▶ Activity:
Images are not wanted; transcribe the rest of the listing exactly.

##### Records for the exercise #####

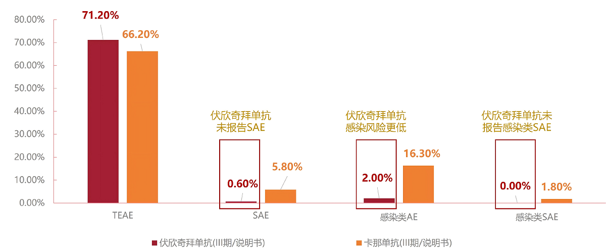 ○在严重不良事件(SAE)发生率方面,伏欣奇拜单抗较卡那单抗昭着更低。
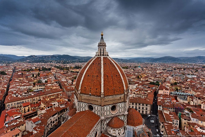 Вид с кампанилы Джотто на купол собора Санта-Мария-дель-Фьоре. Все дни стояла волшебная погода, и только за 3 часа до поезда прилетели тучки.
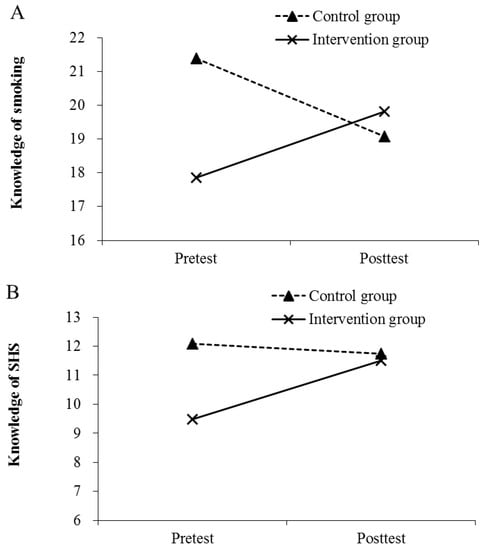Figure 2 summarizes the changes in the mean scores of the three outcome measures (i.e., knowledge of smoking, knowledge of SHS exposure, and attitudes toward SHS avoidance), exhibiting improvement as a result of the intervention program.
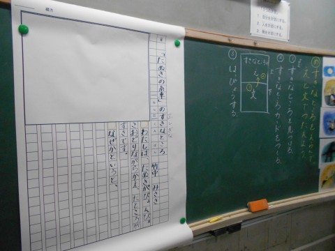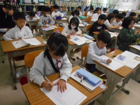 黒板に書き方の「型」が掲示されています。「習う」は「倣う」とも言います。型の真似っこ,大事ですね♪
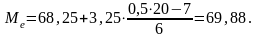 Кумулятивна частота Sme3 = 13, Sme2-1 = 7, fme = 6, хо = 68,25, h=3,25.

#####

▶ Answer space:
 ○在严重不良事件(SAE)发生率方面,伏欣奇拜单抗较卡那单抗昭着更低。
 Вид с кампанилы Джотто на купол собора Санта-Мария-дель-Фьоре. Все дни стояла волшебная погода, и только за 3 часа до поезда прилетели тучки.
Figure 2 summarizes the changes in the mean scores of the three outcome measures (i.e., knowledge of smoking, knowledge of SHS exposure, and attitudes toward SHS avoidance), exhibiting improvement as a result of the intervention program.
 黒板に書き方の「型」が掲示されています。「習う」は「倣う」とも言います。型の真似っこ,大事ですね♪
 Кумулятивна частота Sme3 = 13, Sme2-1 = 7, fme = 6, хо = 68,25, h=3,25.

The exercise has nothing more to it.